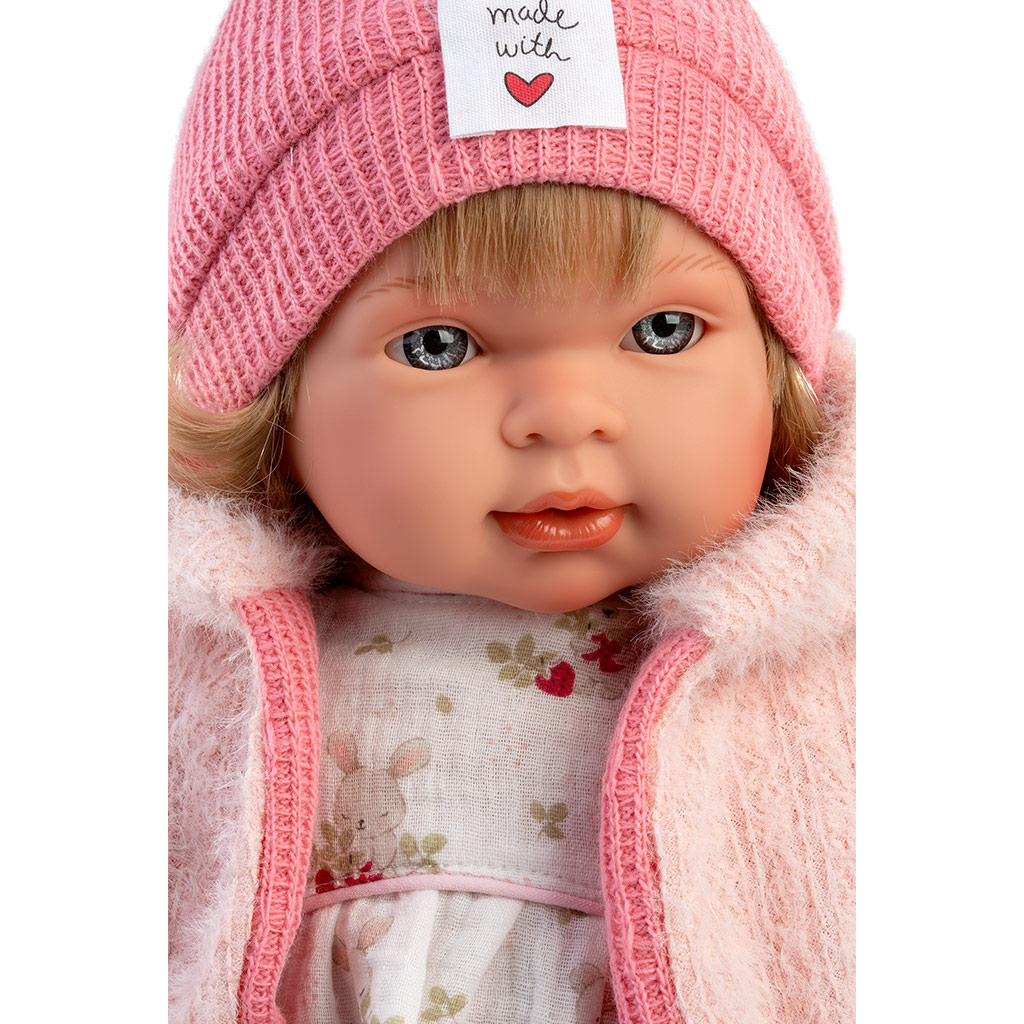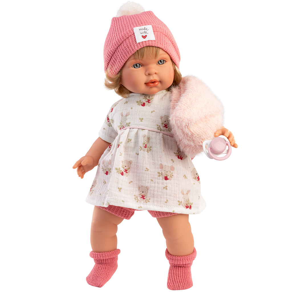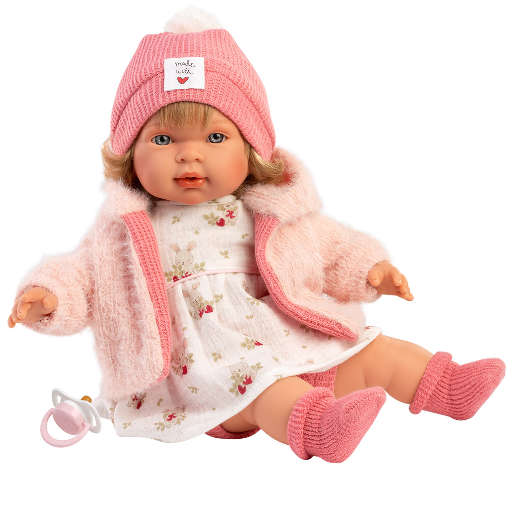 Llorens: Carla, plačúca 42 cm bábika s cumlíkom v čiapke so srdiečkami.
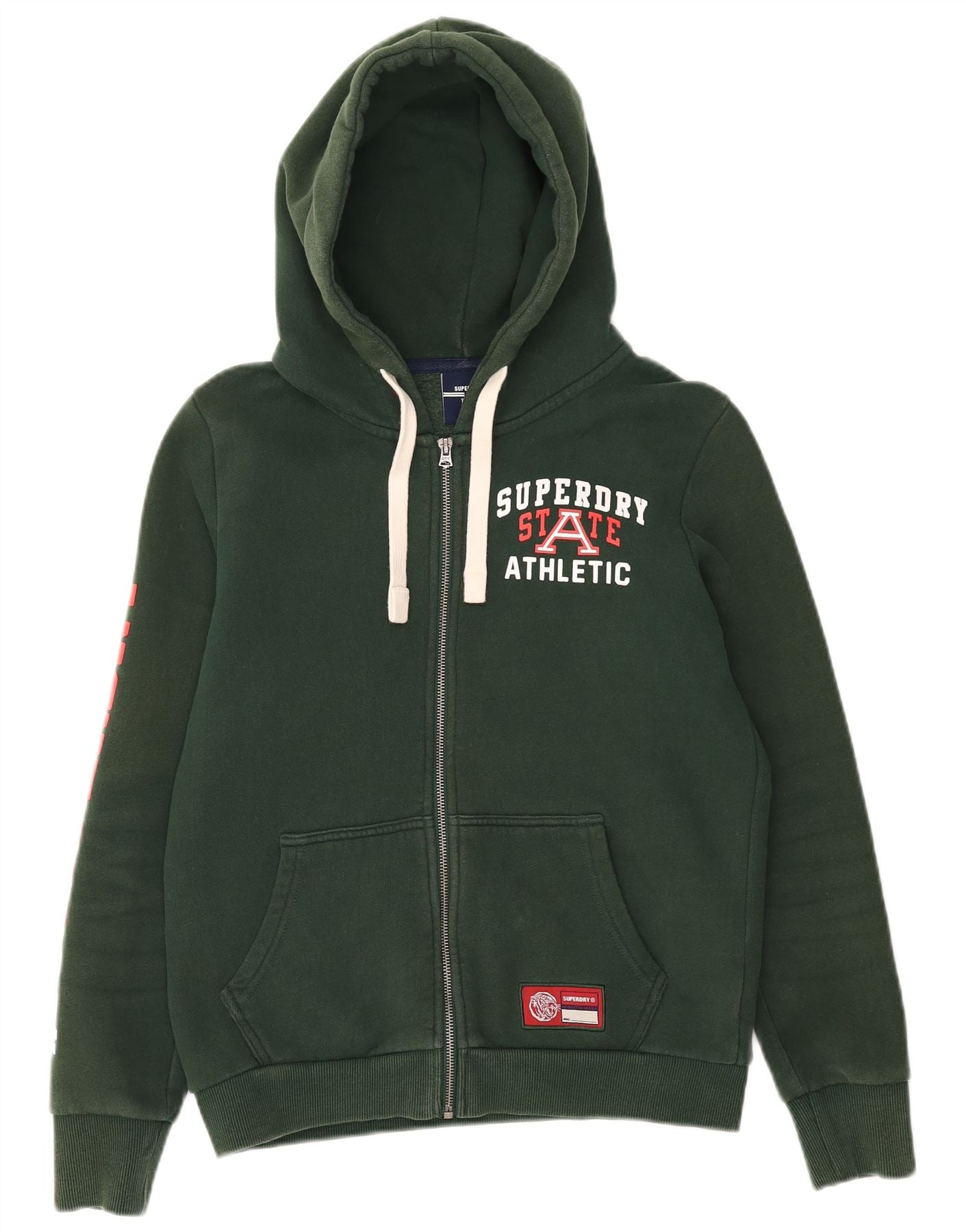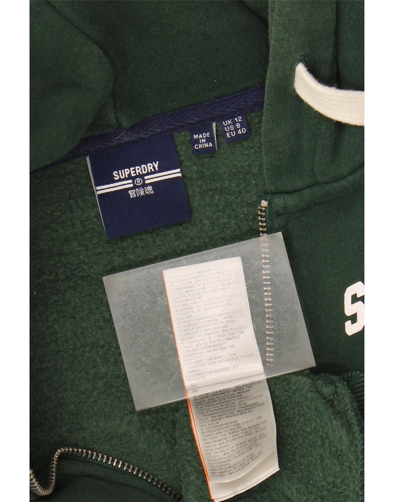 SUPERDRY Womens Graphic Zip Hoodie Sweater UK 12 Medium Green Cotton
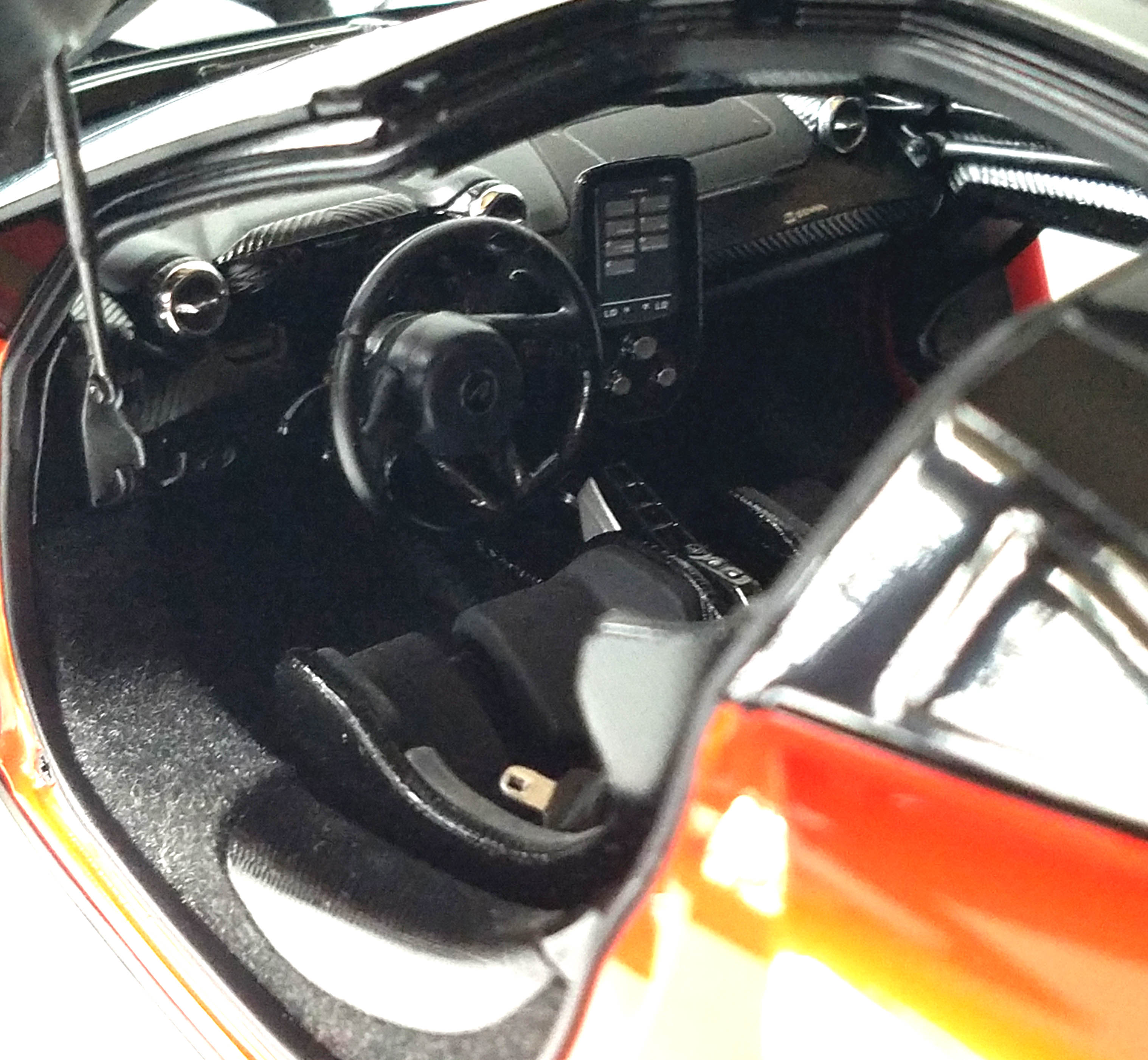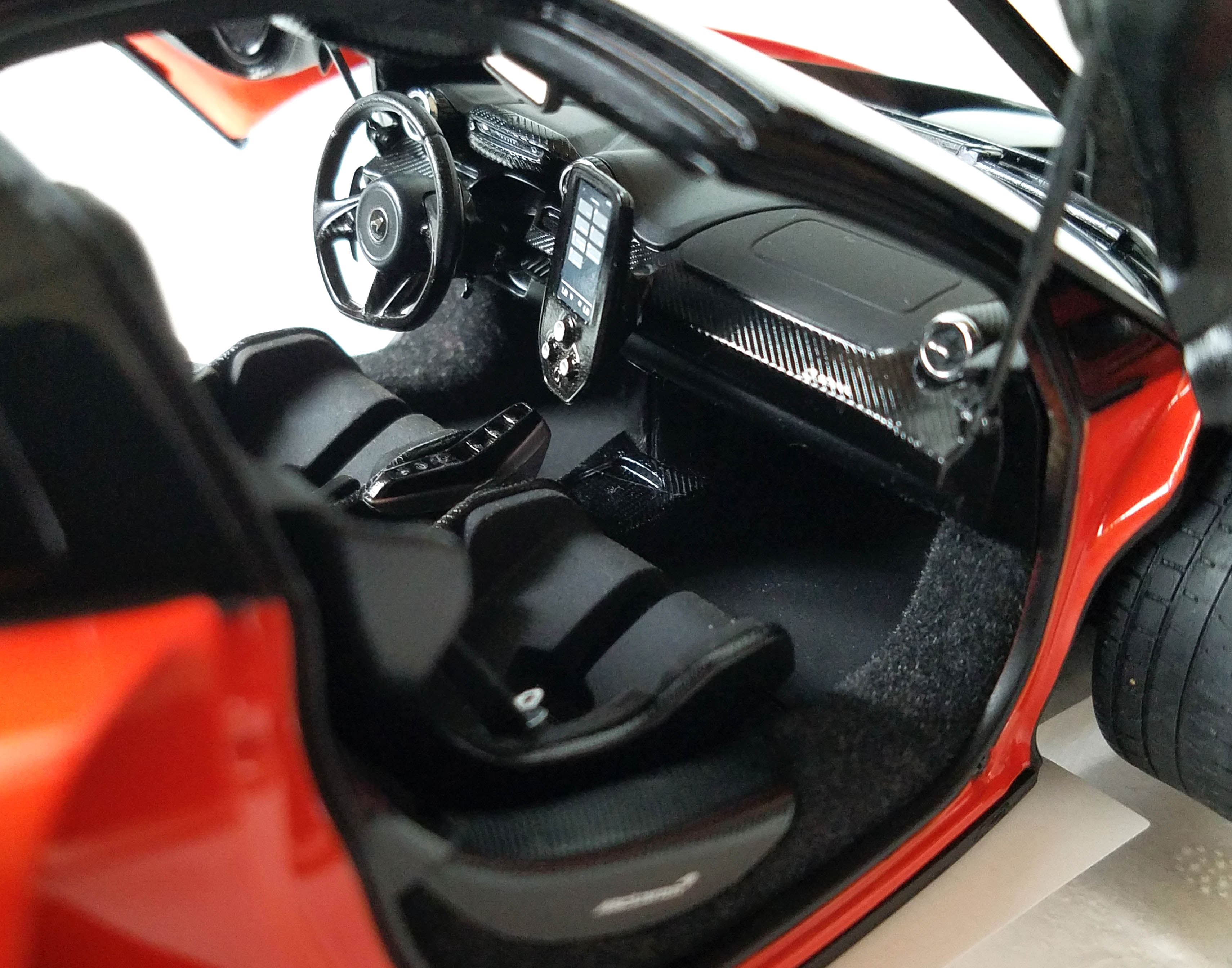 Autoart nails the dash detail too with carbon fiber touches, chrome air vents, a flat-bottom three-spoke race steering wheel and a big vertical screen aimed at the driver for ease of use. The model features black cloth seatbelts with metal clasps to further aid realism and yes, there’s a Senna logo on the passenger-side dash.
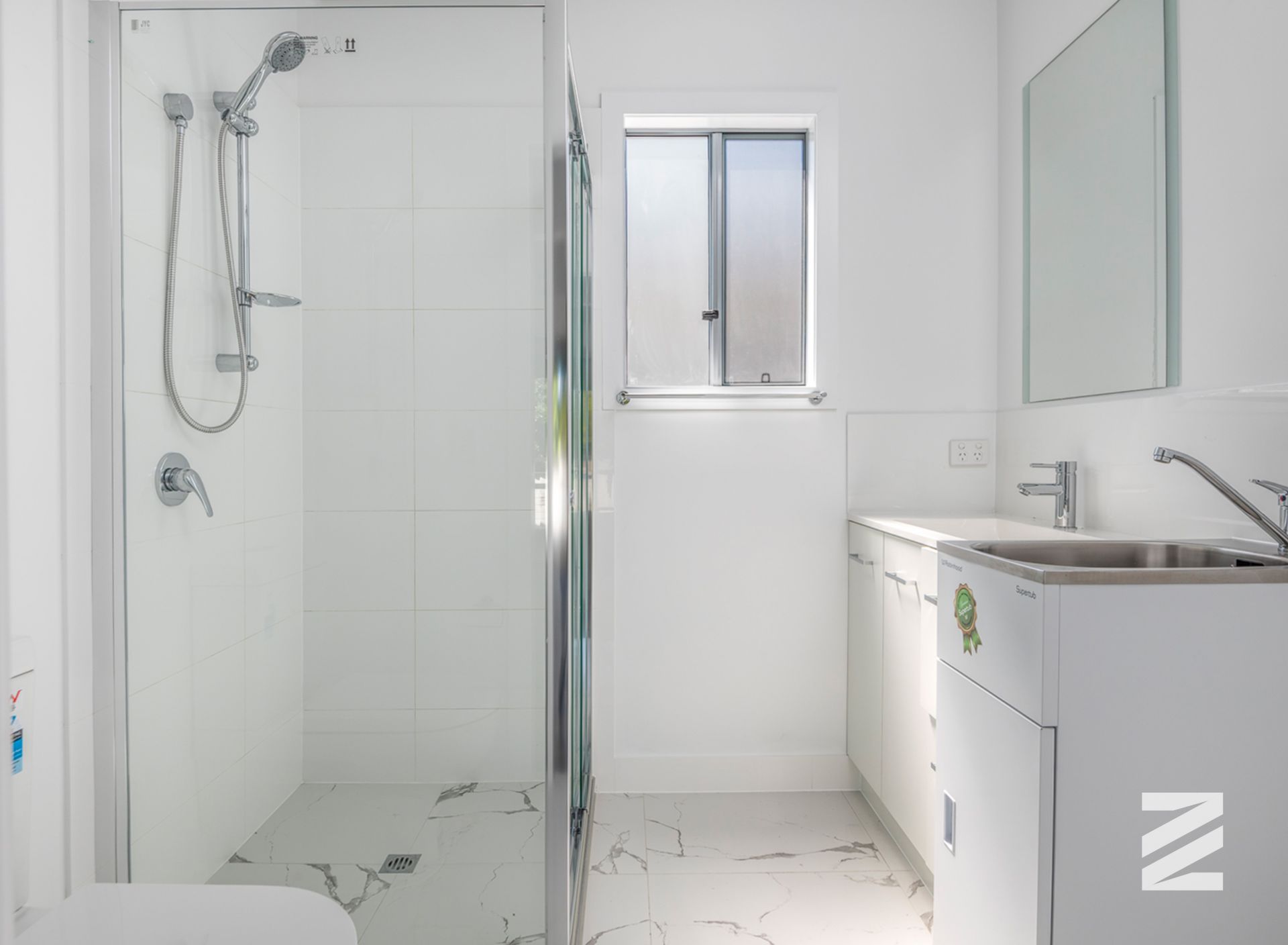 – Laundry cleverly integrated into the bathroom for added convenience
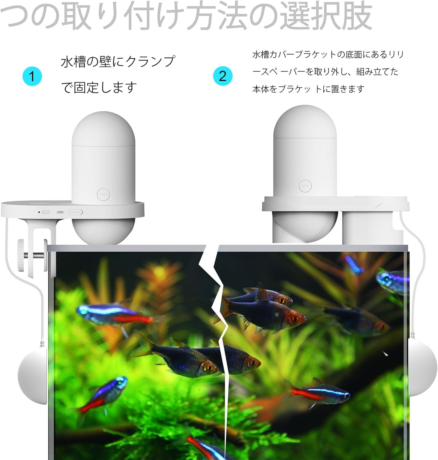 【2設置オプション】2つのインストール方法と電源:調整可能なクリップを使用して水族館の端に固定するか、付属のシールを使用してタンクの蓋に取り付けます。ほとんどの正方形の水族館に適しています。 Wi-Fiフィッシュフィーダーは、USBケーブルで接続して、自宅で動作する(5フィートのUSBケーブルが付属)、またはパワーバンクを搭載することもできます。
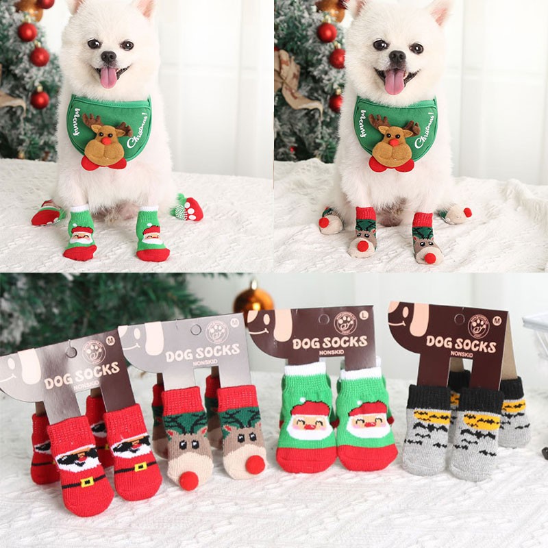 4 Pz/Set Autunno Inverno Calzini Per Cani Da Compagnia Antiscivolo A Maglia Per Cani Di Piccola Taglia Scarpe Spesse Calde Zampa Protettore Simpatico Cucciolo Gatto Abbigliamento Da Interno Stivale
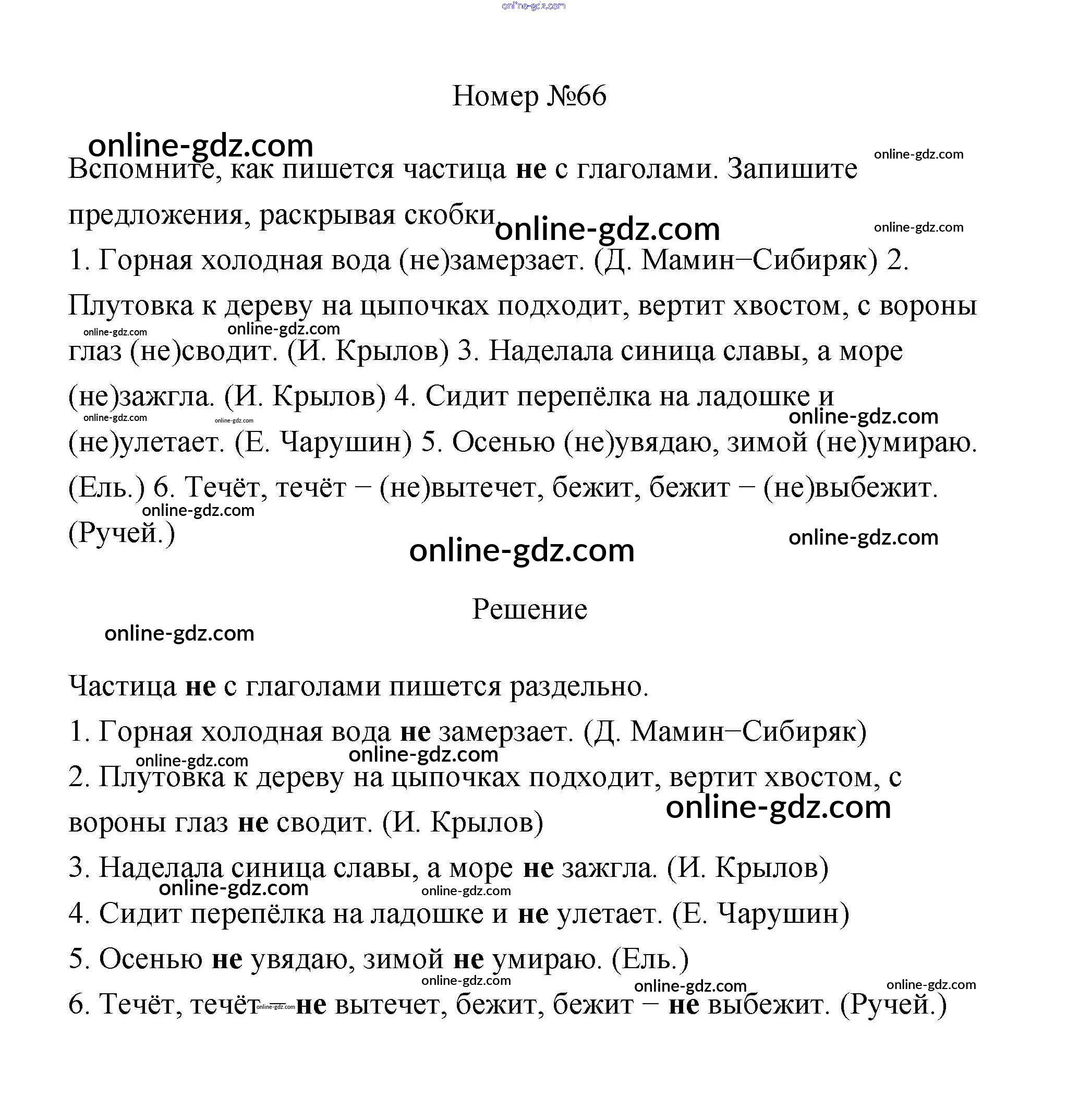 Готовые домашние задания по Русскому языку за 4 класс Рабочая тетрадь Климанова Перспектива 2016 - Часть 1. Задания 66
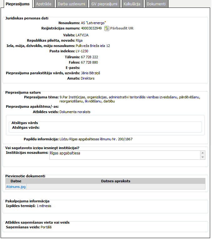Šķirklis „Pieprasījums (par juridisku personu)” paredzēts klienta pieprasījuma par juridisku personu iesnieguma apskatei.

**WHAT THE TASK REQUIRES:**
Could you give again precisely the lines from the one containing "4 Pz/Set Autunno" through the final line of the material above, both included, and no others, dropping the pictures?

**EXERCISE RESULT:**
 4 Pz/Set Autunno Inverno Calzini Per Cani Da Compagnia Antiscivolo A Maglia Per Cani Di Piccola Taglia Scarpe Spesse Calde Zampa Protettore Simpatico Cucciolo Gatto Abbigliamento Da Interno Stivale
 Готовые домашние задания по Русскому языку за 4 класс Рабочая тетрадь Климанова Перспектива 2016 - Часть 1. Задания 66
Šķirklis „Pieprasījums (par juridisku personu)” paredzēts klienta pieprasījuma par juridisku personu iesnieguma apskatei.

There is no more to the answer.